The report acknowledges weaknesses and rightly sets out a path for how careers guidance needs to look forward. Since 2010, the government has created the National Careers Service to put a focus on clear information and professional quality advice; and given schools and further education colleges a powerful new responsibility to secure independent and impartial careers guidance for their students.

I believe this report is a moment to push further, and change our language so we support young people for a rapidly changing world. I passionately believe that to help people from all backgrounds succeed in life, we as a society need to inspire them with a sense of what they can achieve – and help them understand how they can make this a reality. But we also know that a top-down system, controlled by the centre, won’t work. So how do we do that? First, we need to separate out what’s working and what’s not.

Provision of information has changed beyond all recognition over the past decade. Thanks to an emerging market in careers products and services, young people can access more information than ever before. The information is out there, on the web.

But information is not enough: kids also need inspiration.
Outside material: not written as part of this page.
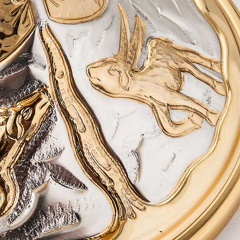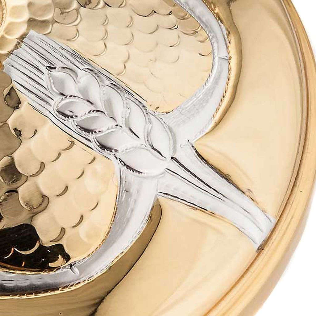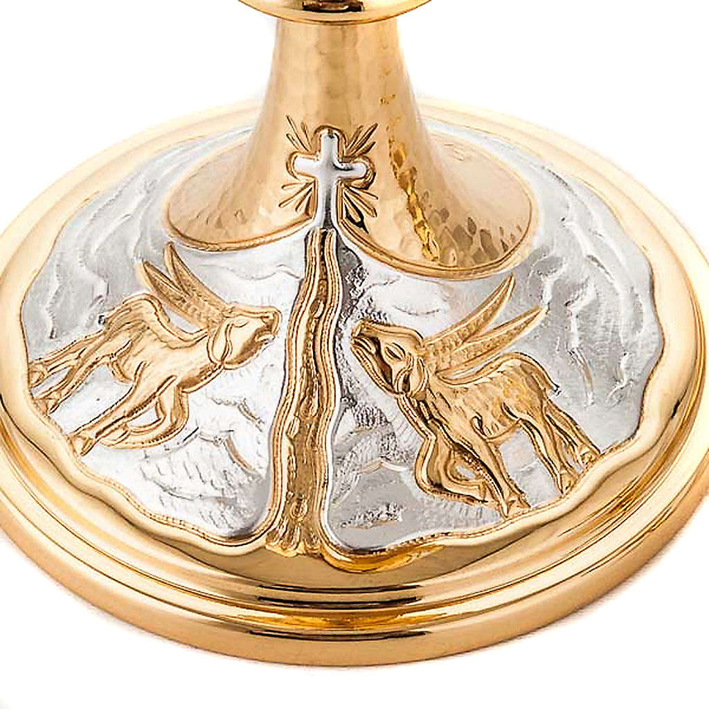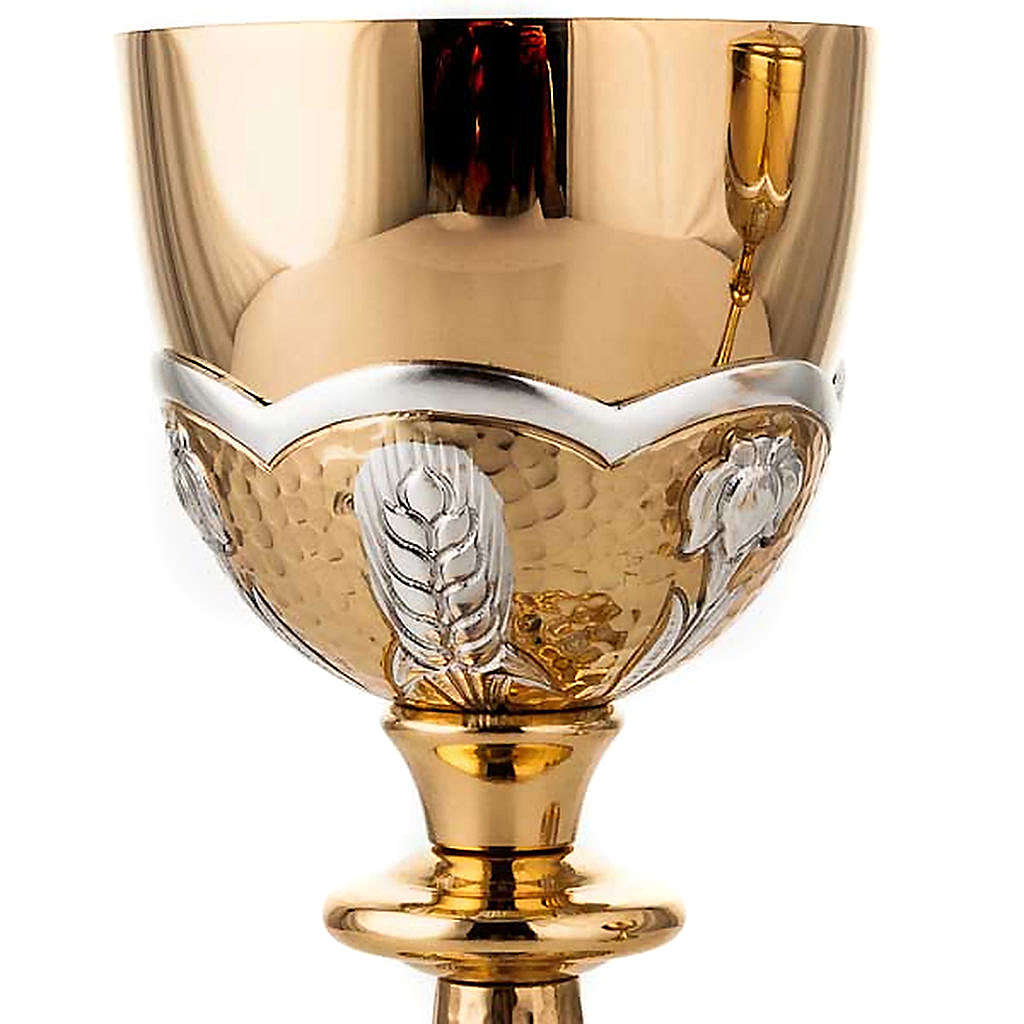 Cálice e cibório latão cinzelado cervos à fonte. Conjunto eucarístico composto por cálice e âmbula em latão cinzelado cor ouro e prata com imagem simbólica na base dos cervos que bebem à fonte. Ricas decorações de trigo na tampa do cibório.

Access to employers, mentors and coaches who can lift their eyes to the horizon, raise their ambitions, encourage them to overcome barriers to success and to do what it takes to realise their potential.

Some may need role models, and to meet inspiring individuals from the careers they aspire to. Others may benefit from more nurturing influences, helping them to build their confidence and resilience. Good guidance is individual and idiosyncratic.
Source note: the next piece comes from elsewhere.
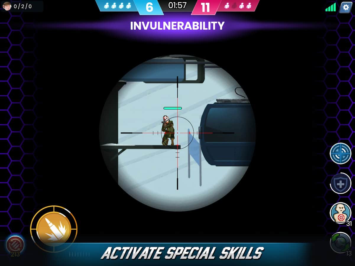 Countersnipe – dinamik bir aksiyon oyunu, ilginç 4'e 4 savaşlarla Android için. Bu oyunda, dünya istikrarının koruyucuları olan 'Aksiyom' ajanları ile yeni dünya düzeninin destekçileri olan 'Kaos' ajanları arasında geçen büyük bir savaşta yer alacaksınız. Diğer oyuncularla bir araya gelerek yenilmez ekibinizi oluşturun ve gerçek oyunculara meydan okuyun. Göreviniz haritayı keşfetmek ve rakiplerinizi avlayarak onları yok etmek olacak. Her oyun kendine özgü olacak, çünkü oyuncuların ortaya çıkışı rastgele gerçekleşecek. Silahları birleştirin, ajanları güncelleyin, gerekli unsurları ve zırhı etkinleştirin ve oyun tarzınızı oluşturun.

Approaching the end of the first academic year in which responsibility for careers guidance has been devolved to schools, the time is right to reflect on progress made.

Schools will increasingly be held to account through Ofsted for the support they deliver. As Sir Michael Wilshaw has set out, from September Ofsted will give priority to the inspection of careers advice, and their thematic review will be very interesting reading.

And destination measures will encourage a focus on supporting young people to make good choices. If students enrol on a course that isn’t right for them and drop out, this is reflected in the data. The next set of data published on 20 June will include employment and education destinations including Universities and Apprenticeships, and it will be richer, incorporating data based on the characteristics of students. Key stage 4 data will appear in performance tables for the first time.

These are big changes, and the challenge now is to deliver within this new framework. Yes, that is a challenge to schools and colleges to meet their duty. But it is also a challenge to us all: to government, to careers professionals and to business, to respond to the world as it changes, to find new ways of working together. And above all, to inspire, motivate, encourage and strengthen young people to meet their potential.